Внезапно монолог директора был прерван сильным взрывом в одной из повозок, поставленных кольцом диаметром примерно сто локтей рядом с рыночной площадью, так что любопытные за пределами площадки не могли видеть, что происходит в варьете. С притворным испугом он схватился за сердце.

— То, что вы слышали, — он перешел на заговорщический шепот, — это головоломные эксперименты саксонского флогистониста Бруно фон Зальца со свинцовым сахаром, мышьяковым маслом и цинковым цветом. С помощью обогащенного флогистоном воздуха он может взорвать кафедральный собор, превратить любой обычный металл в золото и вообще привести материю в движение до такой степени, что мертвецы восстают из могил и от ужаса разбегаются во все стороны… Позвольте мне представить также дикого человека Леопольда, пойманного с помощью лассо в бесконечной пустыне Намибии, Гандалальфо Бонапарта, незаконного сына Наполеона, Миранду Беллафлор — девочку с четырьмя языками, а также всеядного лигурийца Жан-Поля — он может проглотить монеты разного достоинства и затем выплюнуть их в том порядке, в каком вы его попросите… Продемонстрируй нам свое искусство, Жан!

Высокий и невероятно худой господин, чье уродство заключалось в большом волосатом родимом пятне, наполовину закрывавшем лицо, со скромным поклоном занял место рядом с Барнабю Вильсоном на крошечной сцене, откуда директор цирка произносил свое обращение к публике. В руке у него была стеклянная банка с живыми пчелами. Он аккуратно отвинтил крышку, поднес банку к лицу, разинул огромную пасть — говорили, что он может глотать пушечные ядра, — и все увидели, как насекомые влетают ему в рот.

Всеядный лигуриец сжал губы, аккуратно закрыл банку и совершенно невозмутимо, как будто речь шла о пилюлях аптекаря Ибрагима от беспричинной печали, начал глотать пчел, звучно, одну за одной.

По знаку Барнабю Вильсона он снова разинул свою невероятную пасть, и публика могла собственными глазами видеть, что пчел во рту нет. Потом, снова поклонившись, он, к неописуемому восторгу аудитории, прокашлялся, и пчелы одна за одной начали вылетать у него изо рта. Маленькие крылатые комочки под оглушительные аплодисменты полетели, подгоняемые горным ветром, к заливу, где в багровом свете заходящего вечернего солнца раскинулся город Ницца.

Через неплотную ткань маски Барнабю Вильсон с удовольствием следил своим единственным глазом за публикой. Вокруг него полукругом собралось уже несколько сотен человек — женщины, мужчины, старики, дети.

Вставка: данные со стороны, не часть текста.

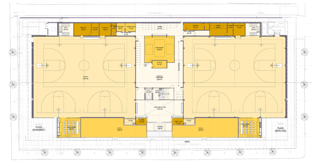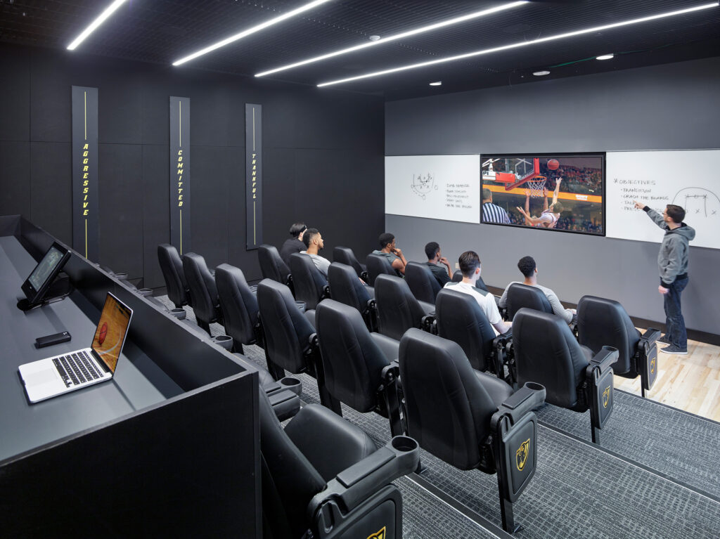 The basketball practice courts are the heart of the new facility and are available day and night for players and coaches to hone their craft. The courts are conceived not only as ‘practice’ spaces, but also as ‘training’ and ‘education’ spaces. Dedicated zones outside the playing boundaries accommodate aerobic and resistance training equipment. Film rooms adjacent to the court offer the ability for teams to flow effortlessly from film room to practice floor without significant down-time.
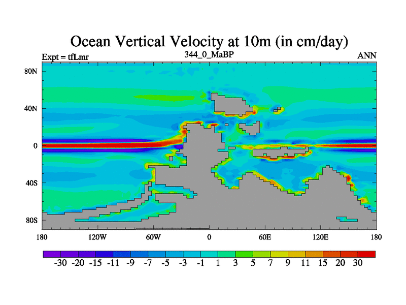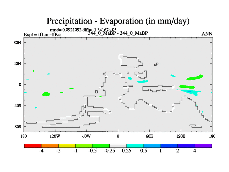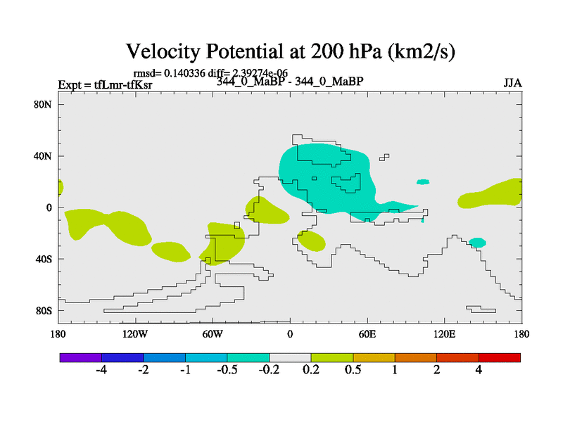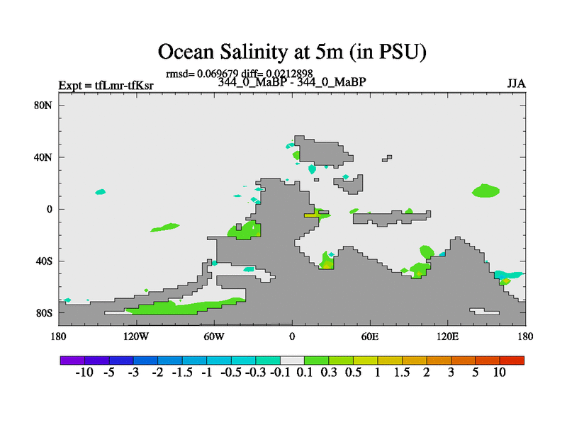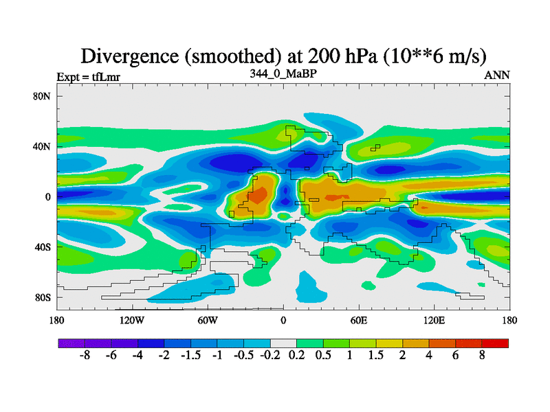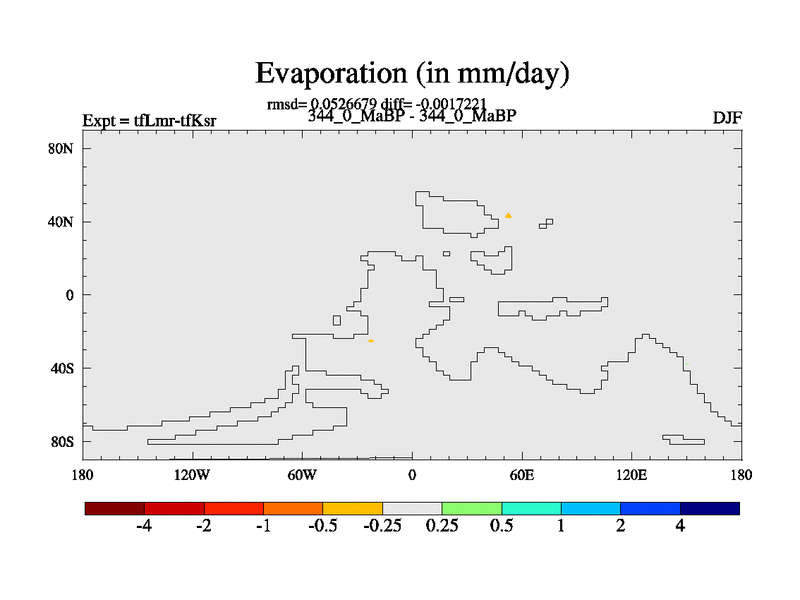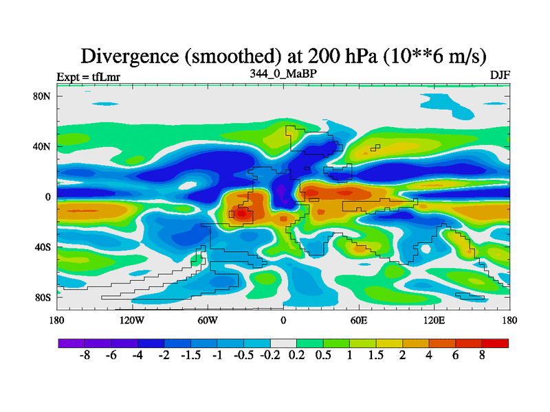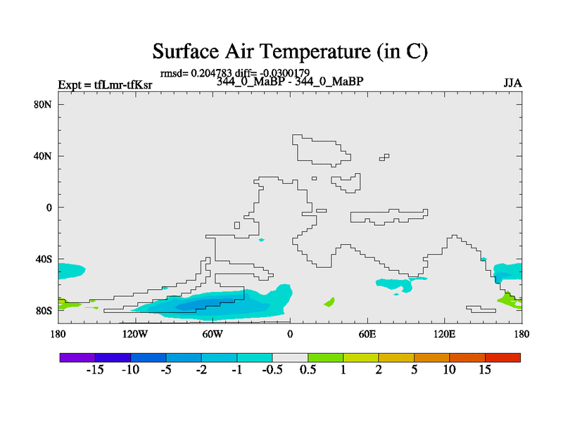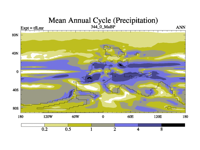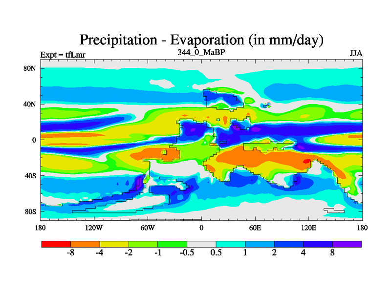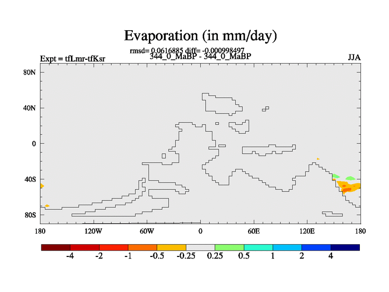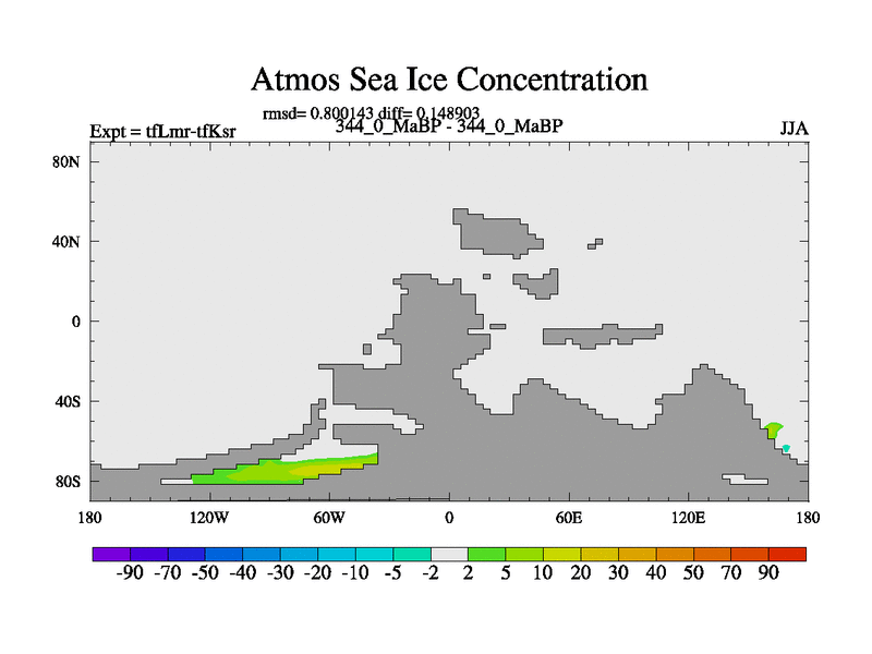 This is the 344.0 Ma simulation using the Scotese palaeogeographies and revised CCN etc. This version has islands and smoothing and desert albedo included. Tuned CO2 to give Scotese temperatures. Started from end of tfKsr. With JEDI output.
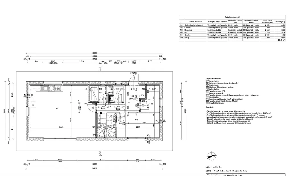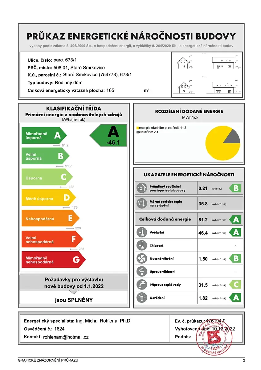K pozemku patří platné stavební povolení, kompletní projektová dokumentace i energetický štítek s mimořádně úspornou třídou A. Díky tomu můžete začít stavět okamžitě, bez zdlouhavého vyřizování na úřadech.
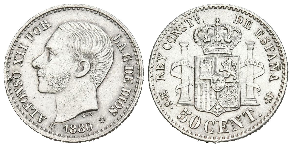 ALFONSO XII (1874-1885). 50 cents. (Ar. 2.51g/18mm). 1880 *8-0. MadridMSM. (Cal-2019-11). Good Extremely Fine. Slight marks. Original Luster .
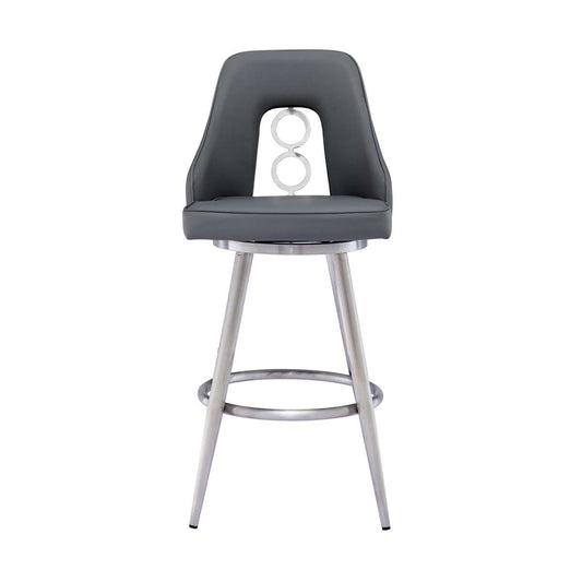 Vander 26" Gray Faux Leather and Brushed Stainl... Vander 26" Gray Faux Leather and Brushed Stainless Steel Swivel Bar Stool By Armen Living
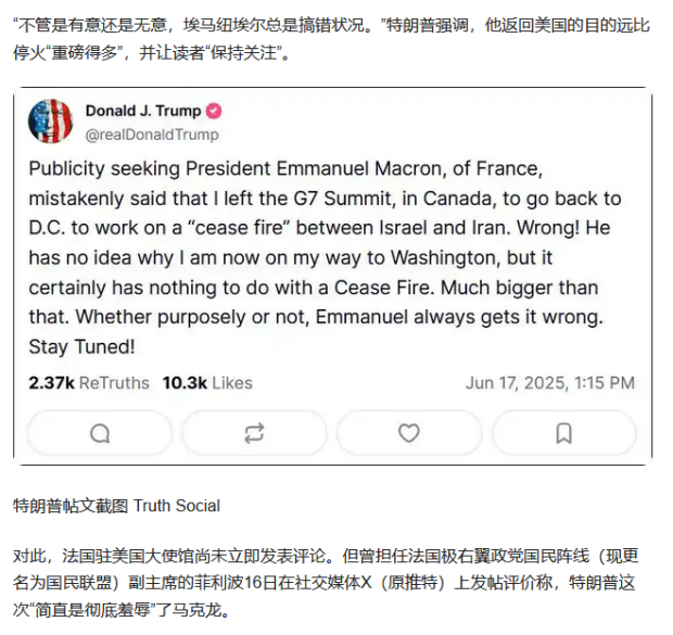 然而特朗普毫不留情地批評“一心想出名的法國總統馬克龍誤以為我離開加拿大的七國集團峯會,是為了回華盛頓推動以色列和伊朗之間的‘停火’。錯了!”這種直接“打臉”的行為顯然展示出特朗普對馬克龍小丑行為的不耐煩。
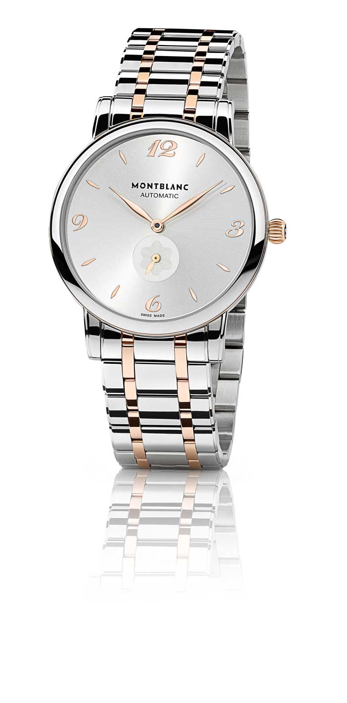 - Emociones particularmente fuertes son evocadas por los relojes de pulso, que no solo combinan la perfección artesanal, la precisión tradicional suiza y una estética clásica atemporal; sino que también contienen un mensaje romántico. Algunas piezas están disponibles en modelos para dama o caballero que en apariencia son idénticos y difieren sólo por su dimensión. Un ejemplo perfecto de esta categoría es el nuevo Star Classique Oro Acero Automático de Montblanc, es el punto culminante del diseño relojero clásico y cumple con todos los requisitos para llegar a convertirse en un auténtico clásico.
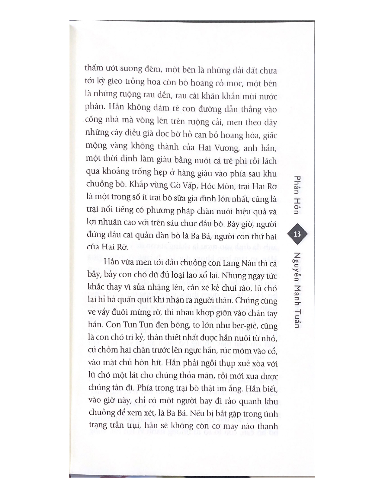 'Nàng ngấm sâu vào đời hắn bằng sự xuất hiện rất ngẫu nhiên, đã đánh thức trong hắn những nhận biết, những điều trước đây hắn tưởng không có trong phần hồn của người hắn, và chỉ từ mé phần hồn đó trỗi dậy cồn cào náo nức, hắn mới có nỗi khao khát làm một con người ra con người.
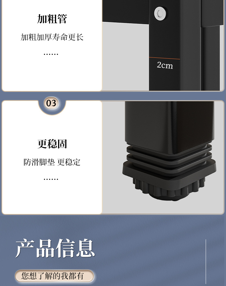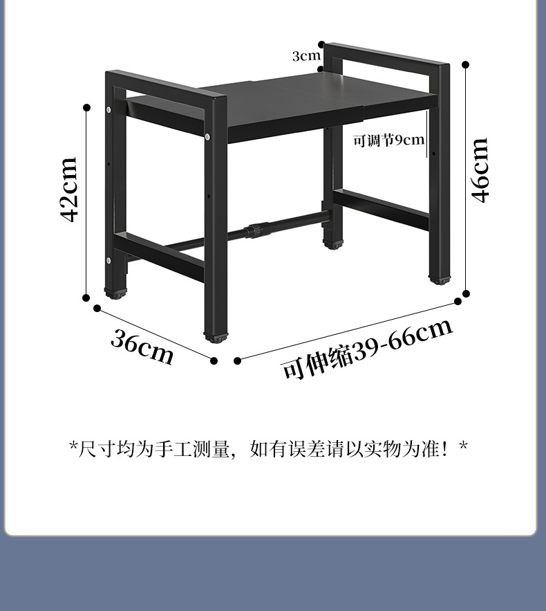 • [사각 튜브 3 층 블랙] 업그레이드 텔레스코픽 + 후크 * 6
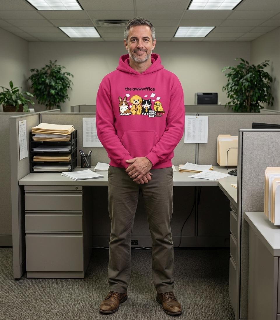 The Awwwffice phrase captures the lifestyle of passionate pet owners who spend their days working, laughing at office jokes, and appreciating adorable animal companions.
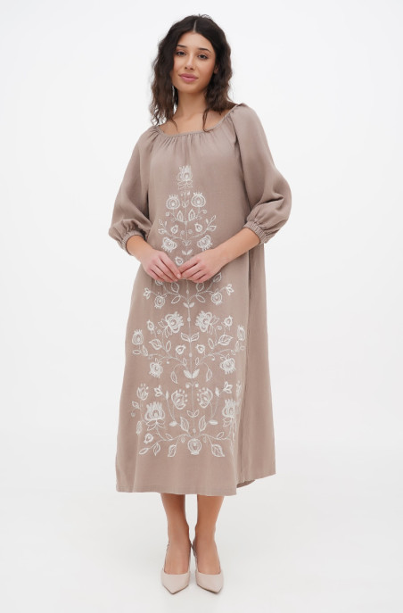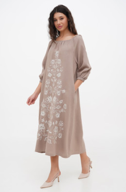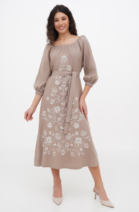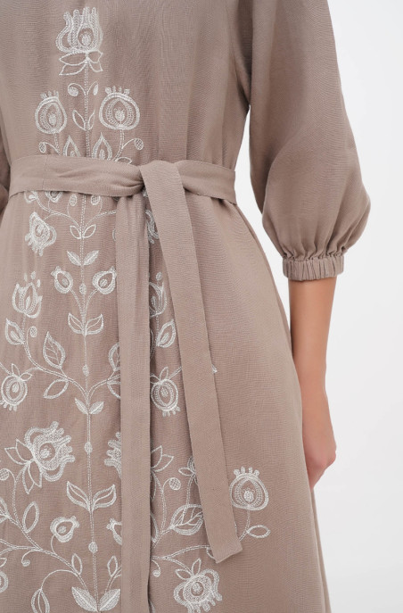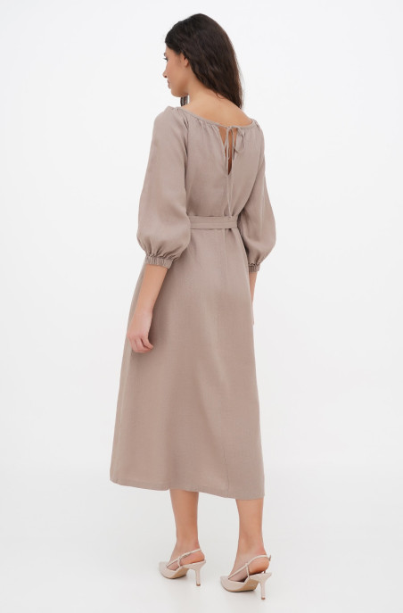 The softened linen dress with raglan sleeve and pockets in side seams. It has a waist belt.
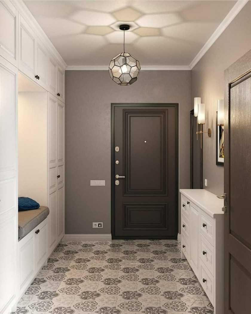 Также хорошее решение — скомбинировать на полу два материала: например, во входной зоне положить стильную плитку с узором, а в коридоре паркетную доску
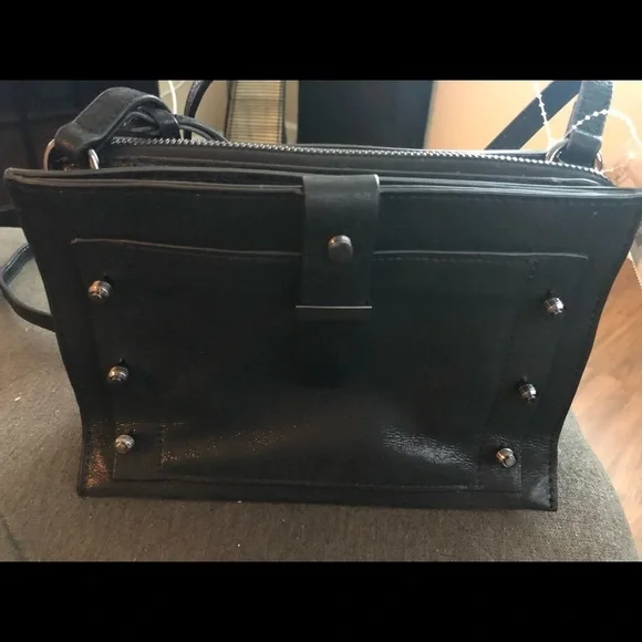 Adjustable crossbody strap. Zip closure; lined. Two exterior compartments with magnetic snap closures, interior slip pocket, interior zip pocket, two interior card slots. Strap...

Справа неподалеку он, к своему удовольствию, обнаружил пожилого господина в сюртуке с забавной гривой седых волос, локонами ниспадающих на покатые женские плечи.

— Не угодно ли господину сделать шаг вперед, в качестве одолжения за бесплатный билет, — сказал он медовым голосом, — и позволить мне продемонстрировать еще один сенсационный номер; речь идет о последней китайской забаве, королеве китайских забав — текучем магнетизме на расстоянии!

Господин был очевидно польщен, что именно его выбрали для эксперимента с королевой китайских забав, и пока он гордо, хотя и с некоторой неуверенностью, приближался к сцене, Барнабю Вильсон вытащил из кармана своего необъятного рыбацкого жилета лейденскую банку и, попросив седого господина задержаться на ступеньке, прикоснулся к его голове и сюртуку.

— Текучий магнетизм, тайна тайн! — отпрянув, воскликнул он с театральной дрожью в своем детском голосе, потихоньку натирая за спиной стеклянную палочку о кусочек замши. И, не успел господин в сюртуке прийти в себя, директор цирка снова оказался рядом с ним, и мистическим жестом, позаимствованным у средневековых факиров, бормоча формулы на никому не понятном языке (на самом-то деле это был валлийский, язык, на котором говорят на островах бухты Кардиган), мистическим жестом простер он руки над головой господина в сюртуке и с удовольствием услышал восторженный вздох публики. К сюртуку господина немедленно начали прилипать всевозможные легкие предметы, носившиеся в воздухе, — сухие листья, кусочки бумаги, пыль и даже парочка пчел, только что спасшихся из пасти всеядного лигурийца. Сюртук то и дело посверкивал крошечными молниями, а парик господина парил в дециметре над его головой, как седой нимб, потрескивая электричеством.

— Одиннадцатое чудо света! — победительно воскликнул Вильсон, — Магнетический поток, называющийся электричеством, — последняя новость императорского двора в Китае! Эта непревзойденная сила вскоре осветит наши города, превращая ночь в день, лошади исчезнут, потому что появятся электрические повозки, можно будет за одну секунду послать сообщение на тысячу километров, и лицо Господа нашего осветится на небесах, потому что с удивлением и восторгом будет смотреть он на изобретательность и творческую силу существа, скатанного им когда-то на бедре из куска глины!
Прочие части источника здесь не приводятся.